**What this task involves**
Below are the records; repeat exactly their lines between the line holding "スウェット デニム パーカー 水色 黒 ベージュ カジュアル" and the line holding "企业、项目网上复工申请及核查系统,支持多级审查和电子签章。", inclusive, skipping the pictures.

**Record excerpts**

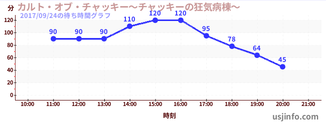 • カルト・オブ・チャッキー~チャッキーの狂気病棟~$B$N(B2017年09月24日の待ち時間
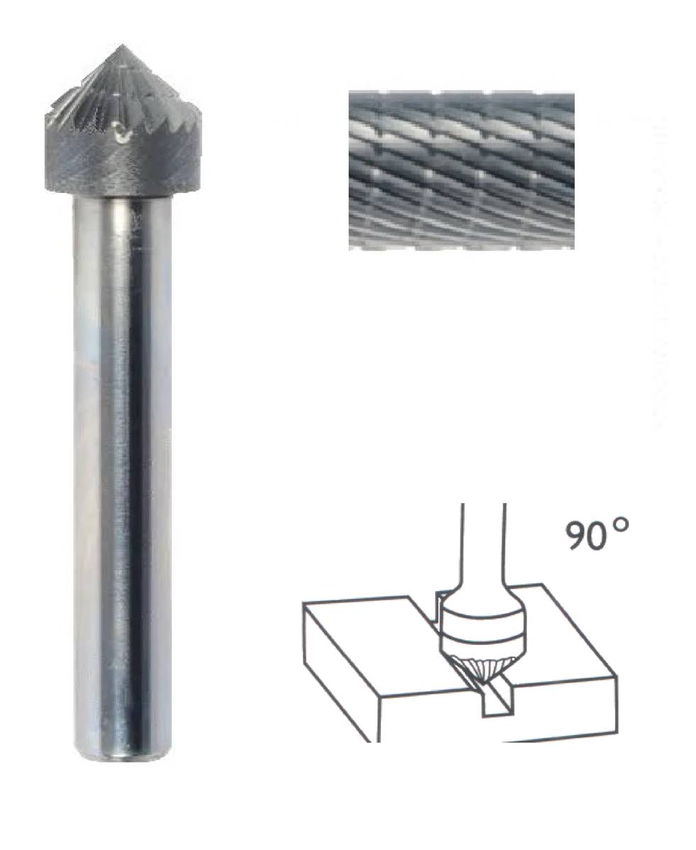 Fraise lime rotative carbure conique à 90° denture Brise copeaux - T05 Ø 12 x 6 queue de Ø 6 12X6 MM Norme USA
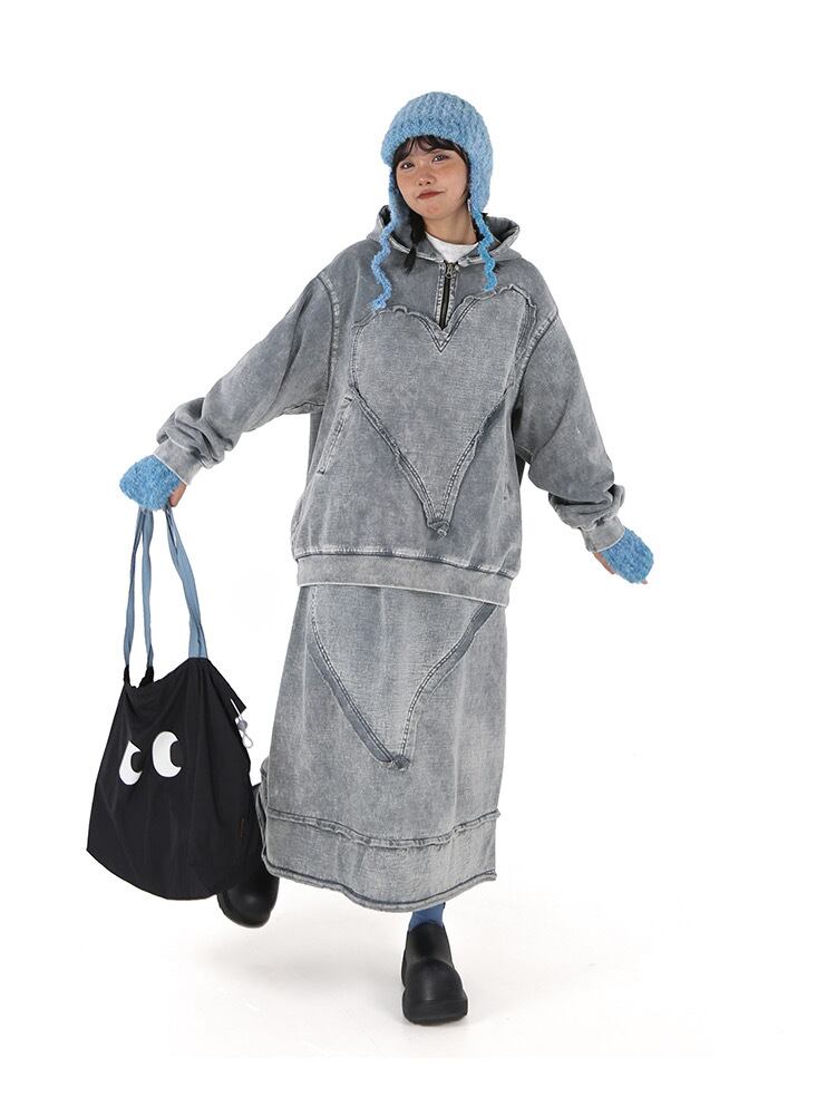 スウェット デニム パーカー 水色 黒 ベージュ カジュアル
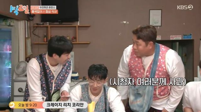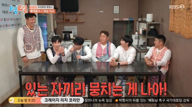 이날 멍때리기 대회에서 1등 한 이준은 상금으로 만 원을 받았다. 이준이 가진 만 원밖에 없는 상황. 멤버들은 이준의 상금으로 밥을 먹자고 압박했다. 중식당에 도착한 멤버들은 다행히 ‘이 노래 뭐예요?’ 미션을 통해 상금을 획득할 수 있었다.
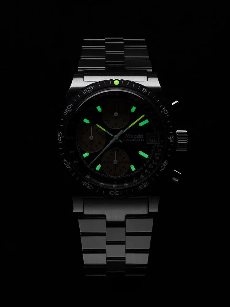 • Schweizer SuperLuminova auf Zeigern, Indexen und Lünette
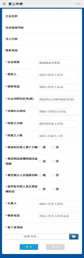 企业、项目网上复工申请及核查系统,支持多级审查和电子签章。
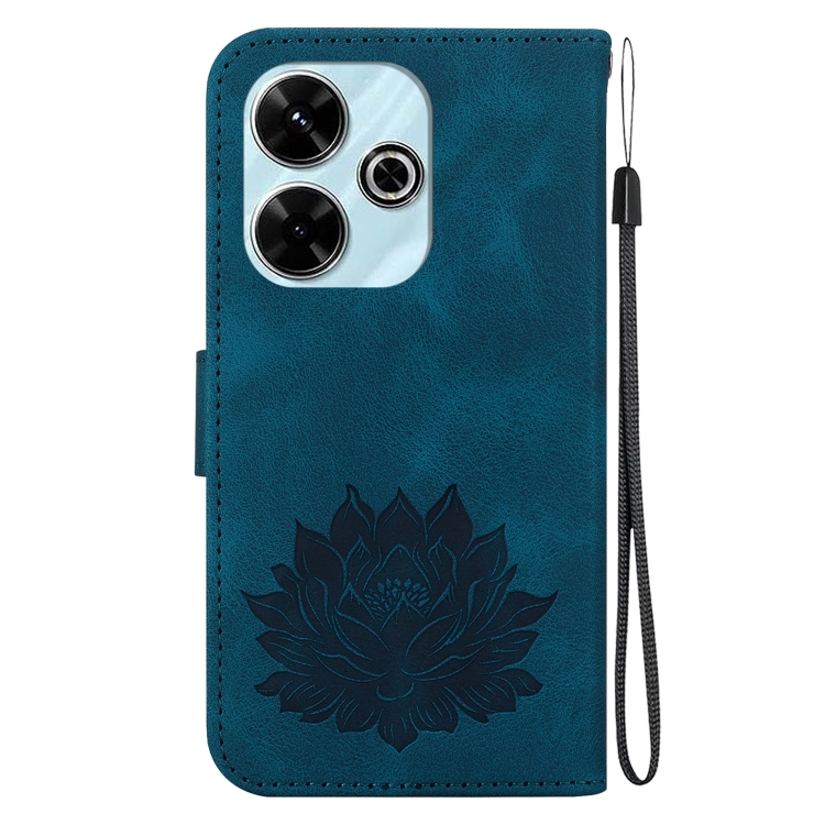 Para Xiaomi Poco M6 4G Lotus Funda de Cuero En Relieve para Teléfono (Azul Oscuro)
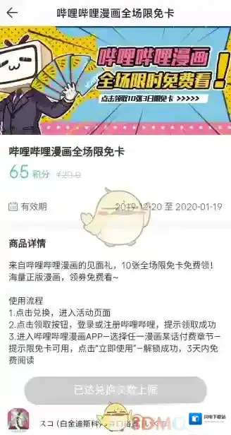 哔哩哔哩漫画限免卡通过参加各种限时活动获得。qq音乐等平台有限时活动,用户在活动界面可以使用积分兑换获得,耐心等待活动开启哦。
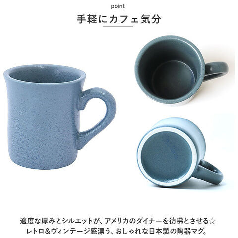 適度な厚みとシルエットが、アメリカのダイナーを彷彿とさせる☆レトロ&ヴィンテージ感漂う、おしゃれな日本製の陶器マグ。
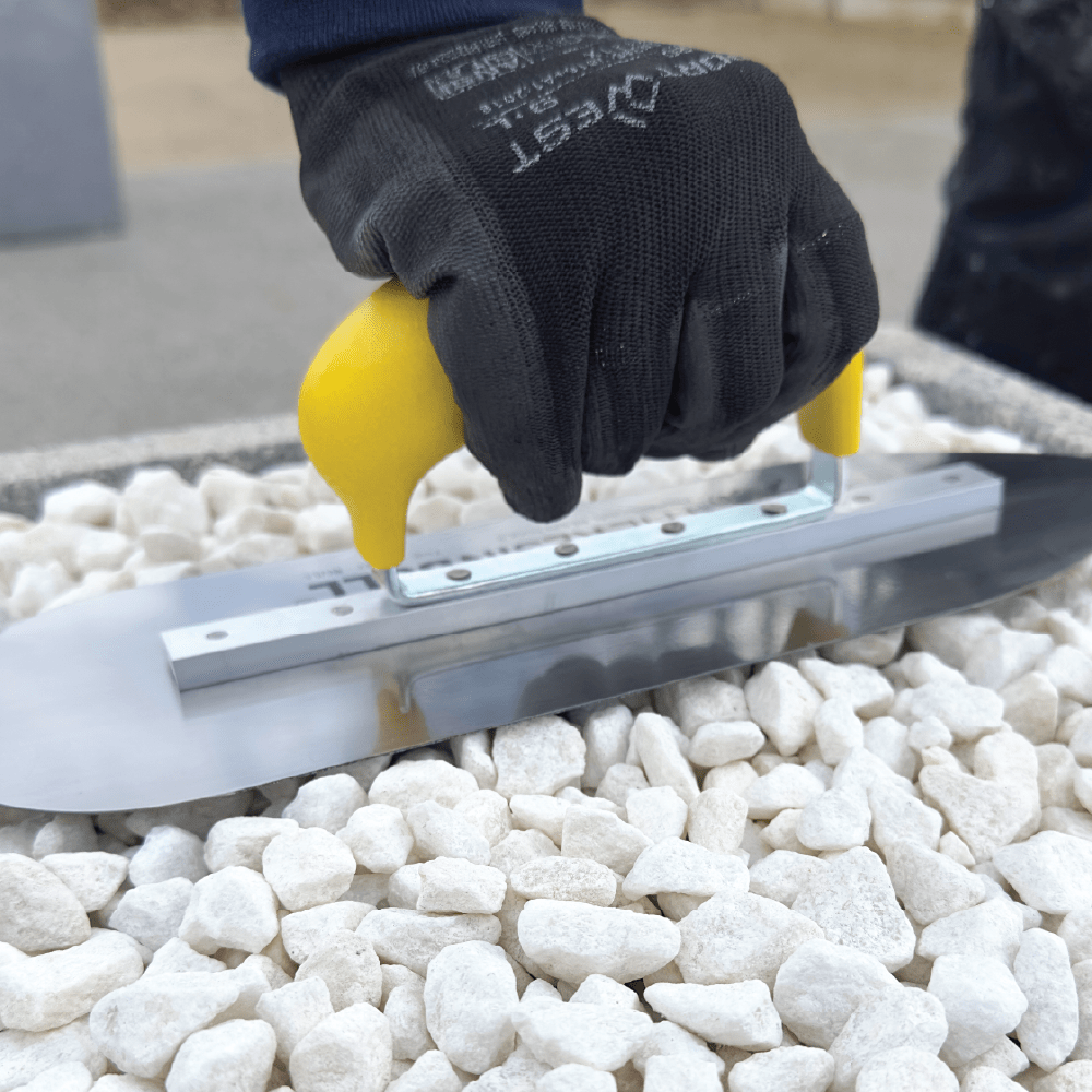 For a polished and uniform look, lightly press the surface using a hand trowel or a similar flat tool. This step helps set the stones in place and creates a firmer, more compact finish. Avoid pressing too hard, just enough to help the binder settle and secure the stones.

**Finished exercise**
 スウェット デニム パーカー 水色 黒 ベージュ カジュアル
 이날 멍때리기 대회에서 1등 한 이준은 상금으로 만 원을 받았다. 이준이 가진 만 원밖에 없는 상황. 멤버들은 이준의 상금으로 밥을 먹자고 압박했다. 중식당에 도착한 멤버들은 다행히 ‘이 노래 뭐예요?’ 미션을 통해 상금을 획득할 수 있었다.
 • Schweizer SuperLuminova auf Zeigern, Indexen und Lünette
 企业、项目网上复工申请及核查系统,支持多级审查和电子签章。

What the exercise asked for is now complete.